As previously reported in our Current Report on Form 8-K filed with the SEC on November 21, 2018, the Company, the Borrower, the Subsidiary Guarantor and the Lender entered into a Seventh Amendment to Modification Agreement (the “Seventh Modification Agreement Amendment”) on November 19, 2018, pursuant to which the parties agreed to amend the Modification Agreement to provide that the dates on which the Lender may elect, in the Lender’s sole discretion, to terminate the Modification Period would be July 31, 2018 and December 3, 2018 (with each such date permitted to be extended by the Lender in its sole discretion); and that the Borrower could satisfy its obligations under the Modification Agreement to obtain financing by obtaining (i) at least $2,050,000 in net cash proceeds from the issuance of Capital Stock (other than Disqualified Capital Stock) or Debt on or prior to February 23, 2018 and (ii) an additional (A) $750,000 in net cash proceeds from the issuance of Capital Stock (other than Disqualified Capital Stock) or Debt on or prior to July 13, 2018 and (B) $750,000 in net cash proceeds from the issuance of Capital Stock (other than Disqualified Capital Stock) or Debt on or prior to December 3, 2018 (rather than November 19, 2018) (resulting in aggregate net cash proceeds of at least $3,550,000).

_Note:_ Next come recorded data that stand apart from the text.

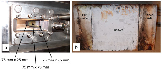 Three EBC-coated CMC airfoils (one 75 mm × 75 mm and two 75 mm × 25 mm) were tested in the Pratt and Whitney high pressure thermal cycling (HPTC) rig. For the 75 mm × 75 mm airfoil, the test temperature and duration were 5 h (50 cycles total) at 1354–1400 °C, followed by 5 h(50 cycles total) at 1354–1432 °C and 5 h(50 cycles total) at 1416–1538 °C. The test condition was P(H2O)~0.82 atm, Ptotal~8.2 atm, v~116 m/s, and the estimated ΔT (temperature gradient) through the entire system (EBC + CMC) was ~100 °C–150 °C (See Table 1). Figure 9 shows a picture of the three airfoils installed in the rig test section and the three post-test CMC airfoils. The 75 mm × 75 mm airfoil was sandwiched between the two 75 mm × 25 mm airfoils. The two 75 mm × 25 mm airfoils were used as spacers to seal the gap between the 75 mm × 75 mm airfoil and the inner and outer wall of the test section. The 75 mm × 25 mm CMC airfoils had an identically processed EBC on the surface and experienced three times longer exposure (50 h (500 cycles total)) because the spacers were used in conjunction with other CMC airfoil tests. The outer edge of each spacer (in contact with the chamber wall) was cooler than the other edge in contact with the 75 mm × 75 mm airfoil; however, the exact temperature distribution on the spacers was not measured. The two spacers were swapped between the two slots every few hours.
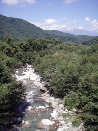 鈴蘭林道を抜けた所で左折し、舗装林道を青木鉱泉、御座石鉱泉方面に進み、小武川林道を目指した。 小武川林道までの区間は完全舗装路と変わり果て、昔見た景色は跡形も無くなっていた。以前川原に車で降りられた場所も、何処だか判らなくなってしまったのはとても寂しい気がする。 左の写真は鈴蘭林道と小武川林道の間にある橋の上から撮ったもので、この時見た川の水の美しさは以前と変わらずホッとした。(11:38) 小武川林道に入ると、また所々フラットダートとなる。 そして小武川林道終盤の橋の下で川原に降り、休憩を兼ねて水遊びをする事にした。(12:00) |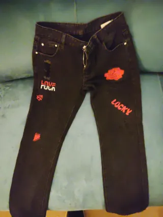 Pantalón vaquero para niño con un diseño moderno y llamativo. - Parche de rosa roja en la pierna derecha. - Inscripción LOVE FUCK en la pierna izquierda. - Detalle de LUCKY en la pierna derecha. - Pequeños parches decorativos adicionales.
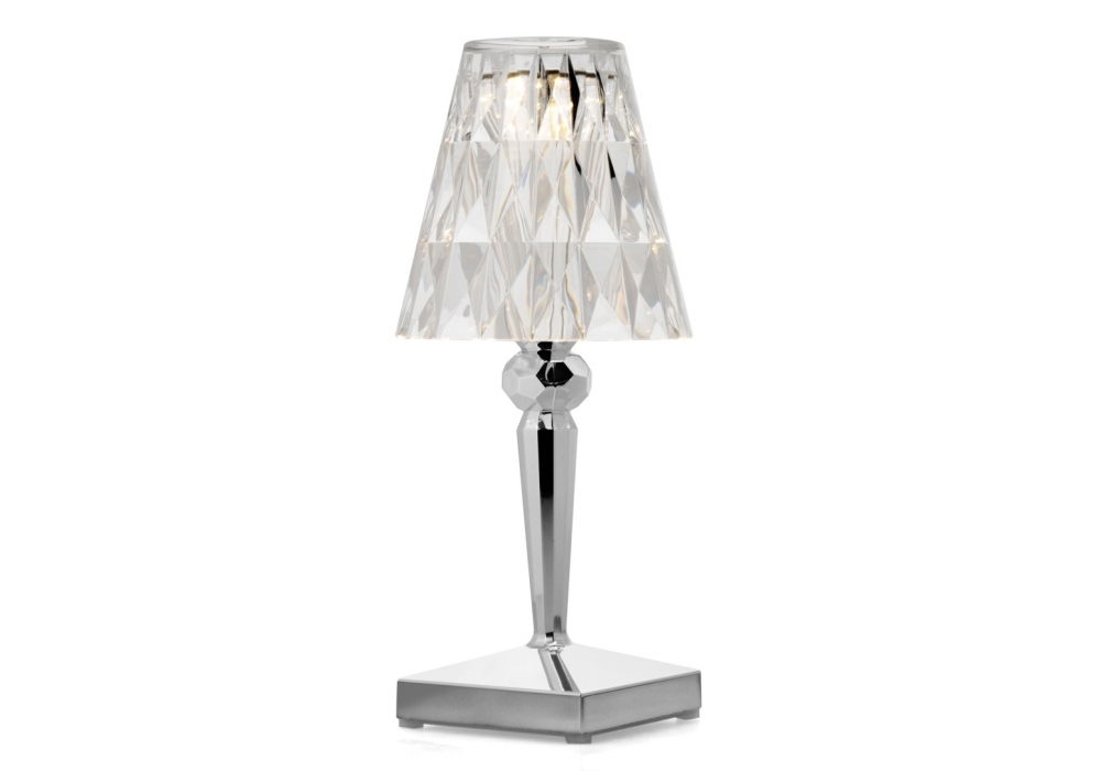 Battery firmata da Ferruccio Laviani per Kartell è una lampada da tavolo realizzata in PMMA trasparente, colorato in massa o metallizzato.

As previously reported in our Current Report on Form 8-K filed with the SEC on December 6, 2018, the Company, the Borrower, the Subsidiary Guarantor and the Lender entered into an Eighth Amendment to Modification Agreement (the “Eighth Modification Agreement Amendment”) on December 3, 2018, pursuant to which the parties agreed to amend the Modification Agreement to provide that the dates on which the Lender may elect, in the Lender’s sole discretion, to terminate the Modification Period would be July 31, 2018 and December 17, 2018 (with each such date permitted to be extended by the Lender in its sole discretion); that the Borrower could satisfy its obligations under the Modification Agreement to obtain financing by obtaining (i) at least $2,050,000 in net cash proceeds from the issuance of Capital Stock (other than Disqualified Capital Stock) or Debt on or prior to February 23, 2018 and (ii) an additional (A) $750,000 in net cash proceeds from the issuance of Capital Stock (other than Disqualified Capital Stock) or Debt on or prior to July 13, 2018 and (B) $750,000 in net cash proceeds from the issuance of Capital Stock (other than Disqualified Capital Stock) or Debt on or prior to December 17, 2018 (rather than December 3, 2018) (resulting in aggregate net cash proceeds of at least $3,550,000); and that the Liquidity required during the Modification Period would be lowered to $1,525,000 from $1,825,000.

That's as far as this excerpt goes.